(WHAT THE TASK REQUIRES): In your copy of the data below, reproduce every entry exactly and omit the pictures.
====== RECORDS TO USE ======
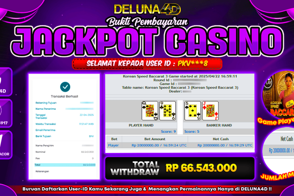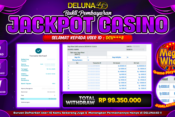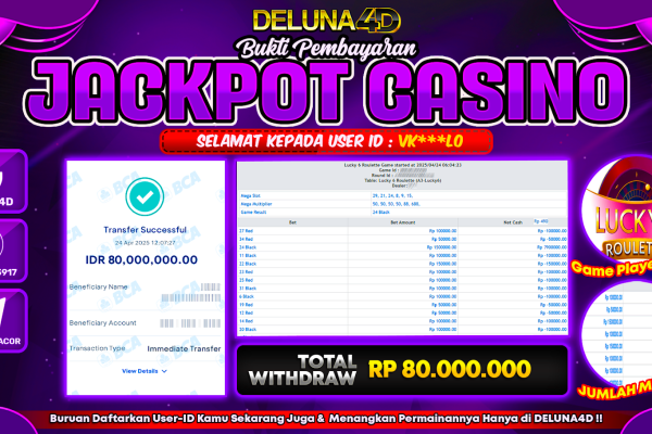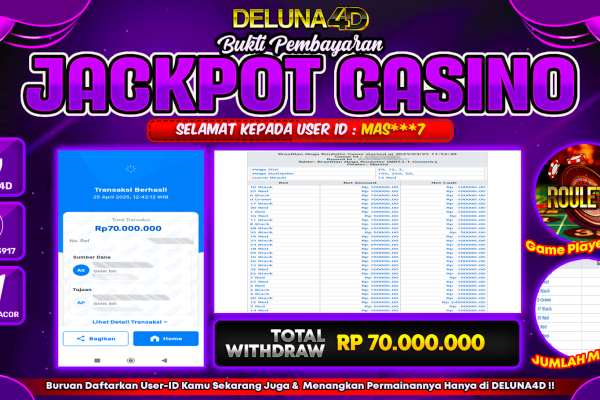 Selamat atas kemenangan User ID : MAS***7, yang telah berhasil mendapatkan kemenangan di permainan LIVE CASINO BRAZZILIAN MEGA ROULETTE dengan kemenangan sebesar Rp70.000.000,- . Setelah mengisi formulir withdraw, hanya dalam jangka waktu 3-5 menitan tim layanan pelanggan DELUNA4D telah berhasil mengirimkan semua saldo kemenangan ke User ID tersebut. Kami ucapkan Terima Kasih sebesar-besarnya pada pemenang…
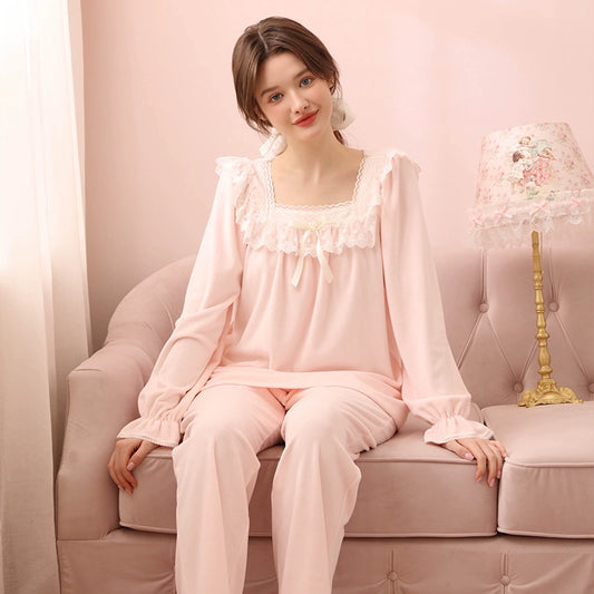 コットンダブルガーゼレースとバラ柄のパジャマ
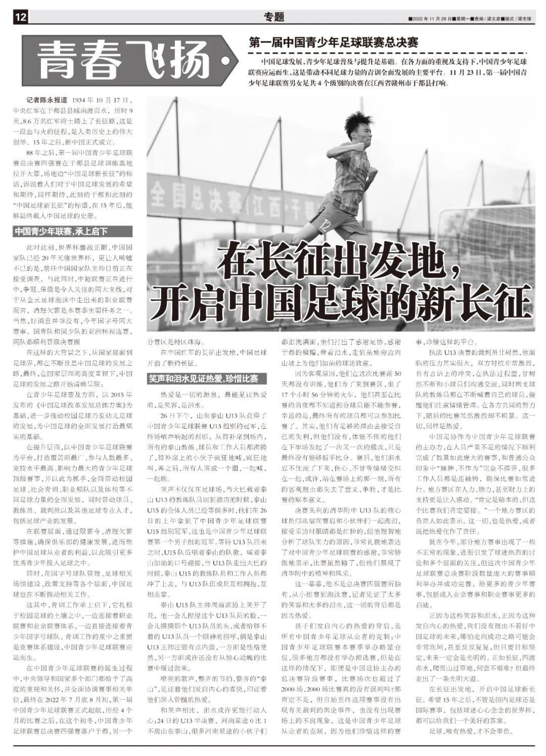 在中國青少年足球聯賽的誕生過程中,中央領導和國家多個部門都給予了高度的重視和關懷,並全面協調賽事相關單位,最終在2022年7月底8月初,第一屆中國青少年足球聯賽正式起航,歷經4個月的比賽之後,在這個初冬,中國青少年足球聯賽總決賽四強賽落戶于都,另一個分賽區是特區珠海。
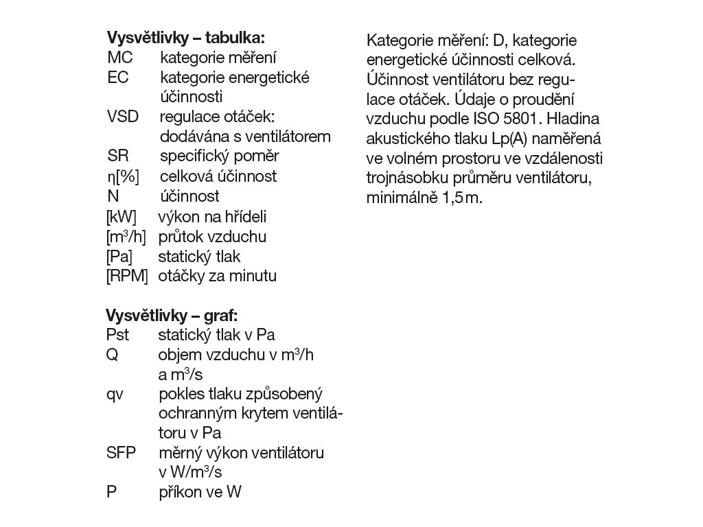 Hluk uvedený ve výkonových charakteristikách odpovídá hodnotám akustického tlaku ve volném poli ve vzdálenosti trojnásobku průměru oběžného kola (minimálně 1,5 m).
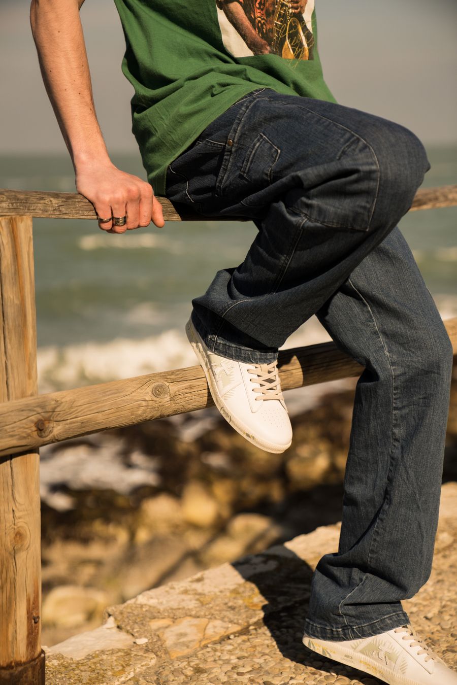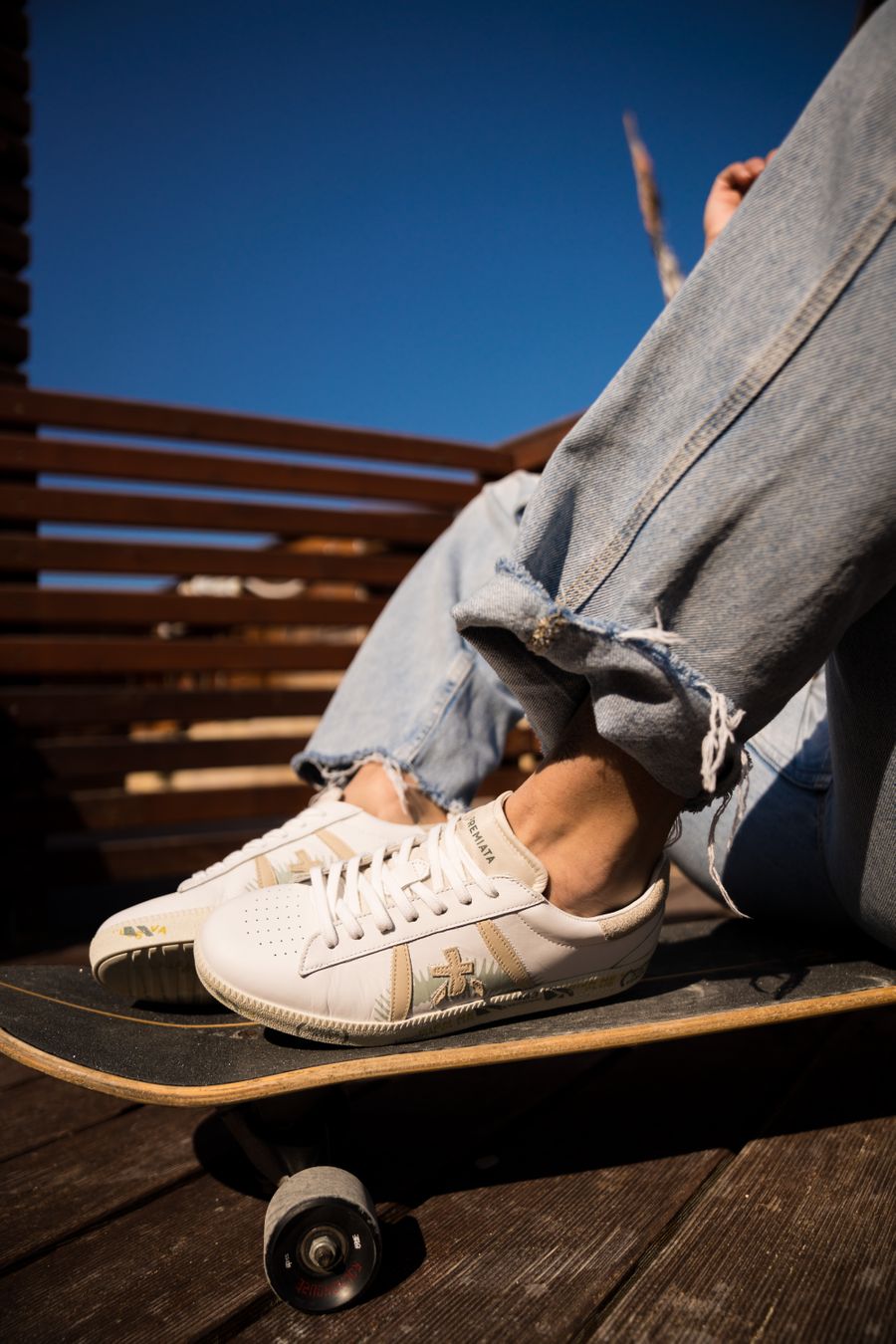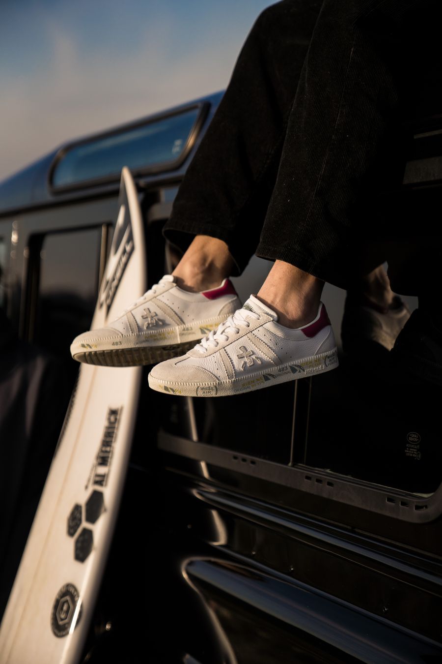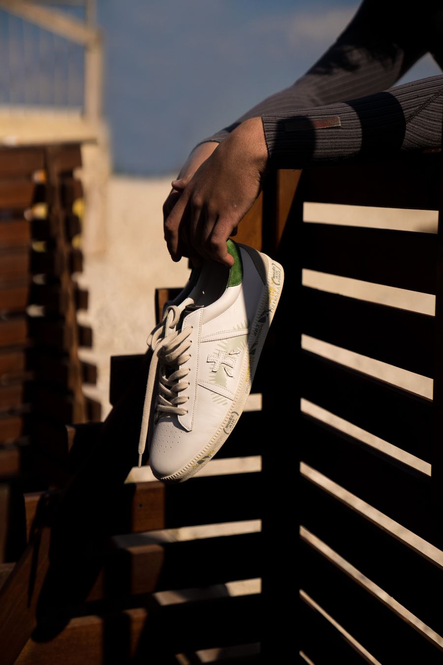 Andy, a derby, goes with Bonnie, an oxford. They are connected by the same comfort, highest quality of materials, and keyword of Premiata collections, and they are developed in all shades of white, where logos appear like they are engraved.
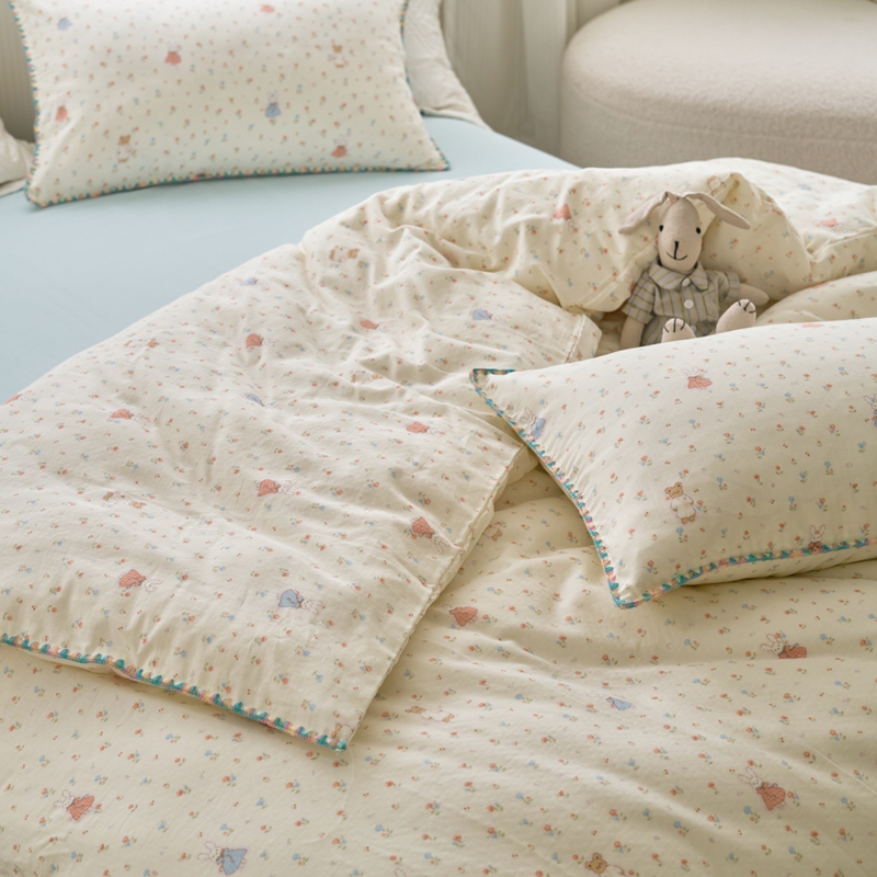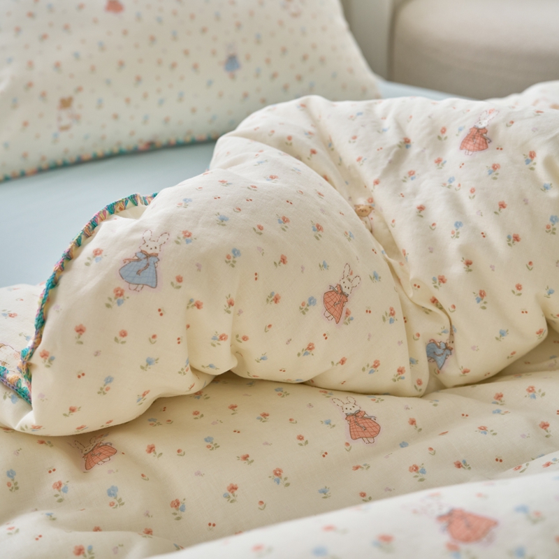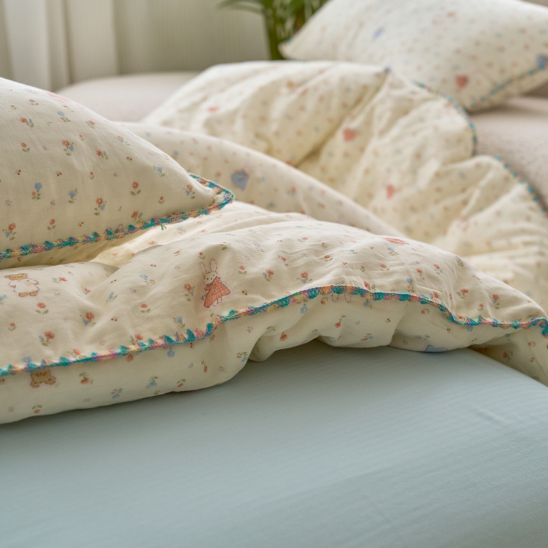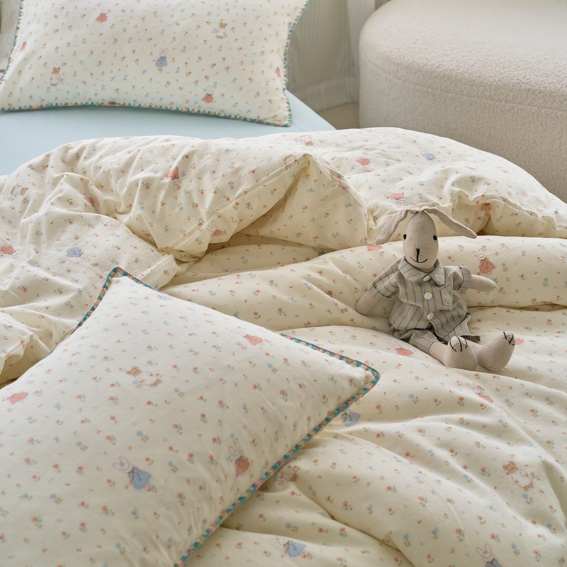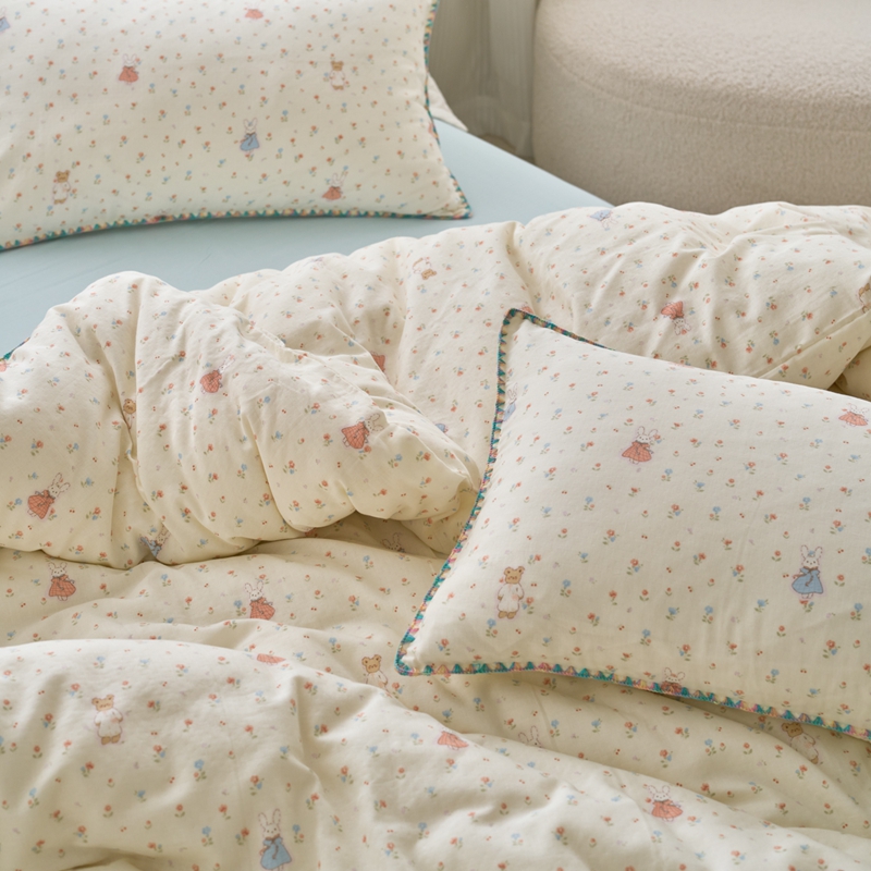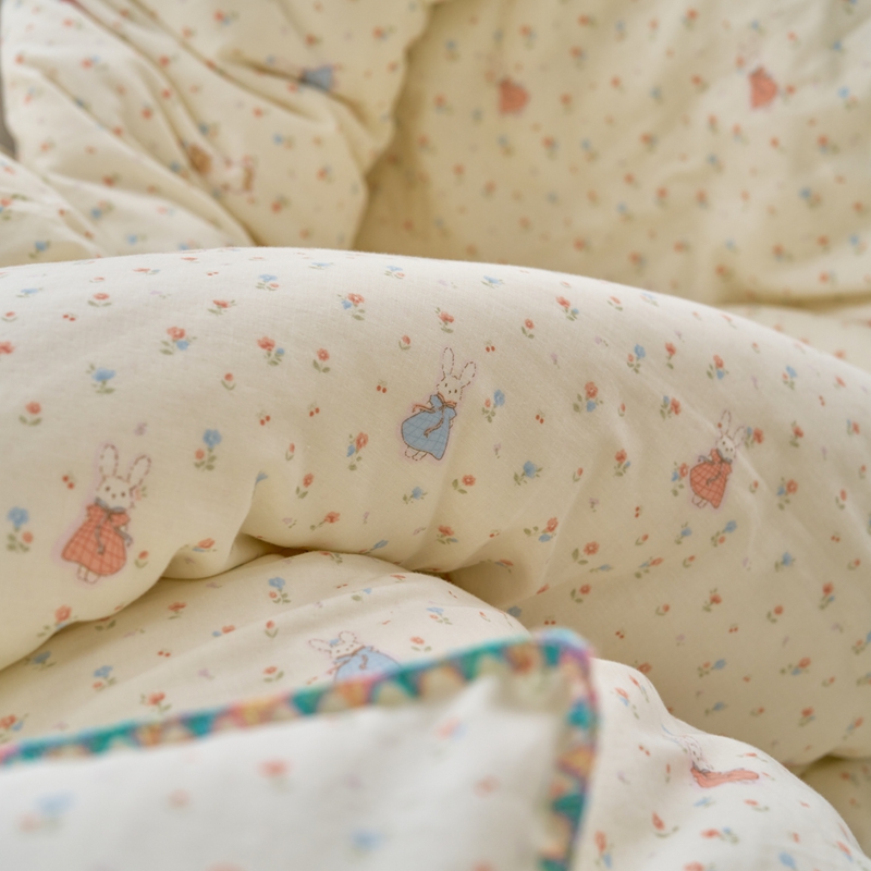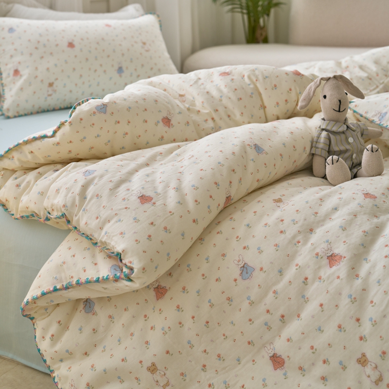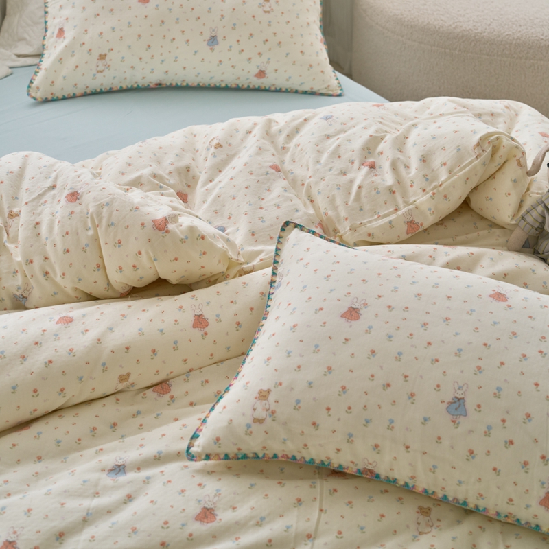洋铭区(原狠狠爱) 2025新款全棉彩边双层四件套 花田小兔
======
(RESULT BELOW):
 Selamat atas kemenangan User ID : MAS***7, yang telah berhasil mendapatkan kemenangan di permainan LIVE CASINO BRAZZILIAN MEGA ROULETTE dengan kemenangan sebesar Rp70.000.000,- . Setelah mengisi formulir withdraw, hanya dalam jangka waktu 3-5 menitan tim layanan pelanggan DELUNA4D telah berhasil mengirimkan semua saldo kemenangan ke User ID tersebut. Kami ucapkan Terima Kasih sebesar-besarnya pada pemenang…
 コットンダブルガーゼレースとバラ柄のパジャマ
 在中國青少年足球聯賽的誕生過程中,中央領導和國家多個部門都給予了高度的重視和關懷,並全面協調賽事相關單位,最終在2022年7月底8月初,第一屆中國青少年足球聯賽正式起航,歷經4個月的比賽之後,在這個初冬,中國青少年足球聯賽總決賽四強賽落戶于都,另一個分賽區是特區珠海。
 Hluk uvedený ve výkonových charakteristikách odpovídá hodnotám akustického tlaku ve volném poli ve vzdálenosti trojnásobku průměru oběžného kola (minimálně 1,5 m).
 Andy, a derby, goes with Bonnie, an oxford. They are connected by the same comfort, highest quality of materials, and keyword of Premiata collections, and they are developed in all shades of white, where logos appear like they are engraved.
洋铭区(原狠狠爱) 2025新款全棉彩边双层四件套 花田小兔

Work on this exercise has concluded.